As Enberg speaks, he’s sitting at a table at the La Jolla Beach and Tennis Club. Like the sports that dominated his childhood — baseball, basketball, football — tennis is another athletic endeavor he’d like to be better at. The truth, Enberg freely admits, is that he never got very good at any sport he played. In high school, at 5´ 11˝, 145 pounds, he was a center in basketball, a quarterback in football, a pitcher in baseball. Attaining these positions wasn’t too hard since there were 33 boys and girls in his high school graduating class. As a freshman at Central Michigan University — hardly an athletic powerhouse in any era — Enberg rapidly saw that any dreams of an athletic career were frivolous. “Golly, I didn’t even earn a college letter,” says Enberg. Regarding his tennis travails, Enberg’s wife Barbara notes that he’s been known to be a sore loser, constantly aggravated at his perennial shortcomings.

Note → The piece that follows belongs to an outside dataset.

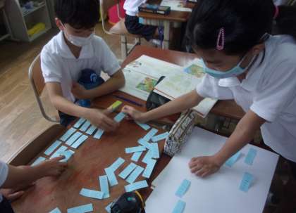 国語の学習で,対話の練習をしています。「山小屋で三日間すごすなら」をテーマにグループで持っていくものを話し合っています。決まりとして,「食料・水」「着替え」のほかに持っていけるのは,5つだけ!子どもたちは,「バーベキューしたい!」「花火もしたい!」「川遊びもしたい!」とやりたいことだらけ…。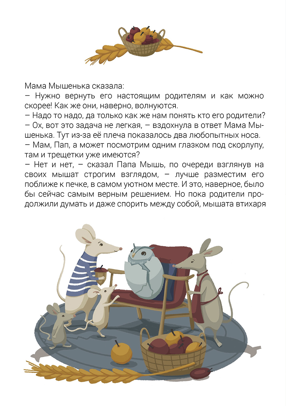 Взрослые хорошо понимали, что чем скорее найдутся его родители, тем для всех же будет лучше. Папа Мышь даже обратился за помощью в местный совет полевых грызунов, но там только развели лапами и выпучили глаза от такой новости. Невиданное дело сова, пусть и маленькая, живет среди них!

All is different with a microphone in his hand. Fun as the job may seem, working a broadcast booth is no easy task. Enberg commands a broadcast booth like an orchestra conductor. During a football game, Enberg must keep track of 22 players at a time, telling viewers who made the tackle, which obscure lineman was called for the penalty, who’s going out of the game, who’s coming in. He’s also constantly teeing up questions so that his ex-jock analyst sounds smart. Concurrently, there’s a producer talking in Enberg’s ear about the need to read promotional copy for upcoming shows that have nothing to do with the game. It also helps to have a strong bladder and spend three hours taking 30 seconds at a time to eat. A goodly proportion of the vocational pleasure TV crews get derives from tales of announcers who refract these pressures by blowing their stack, most frequently at lower-ranked interns and production assistants. Producers who’ve worked with Enberg swear he’s never lost his cool.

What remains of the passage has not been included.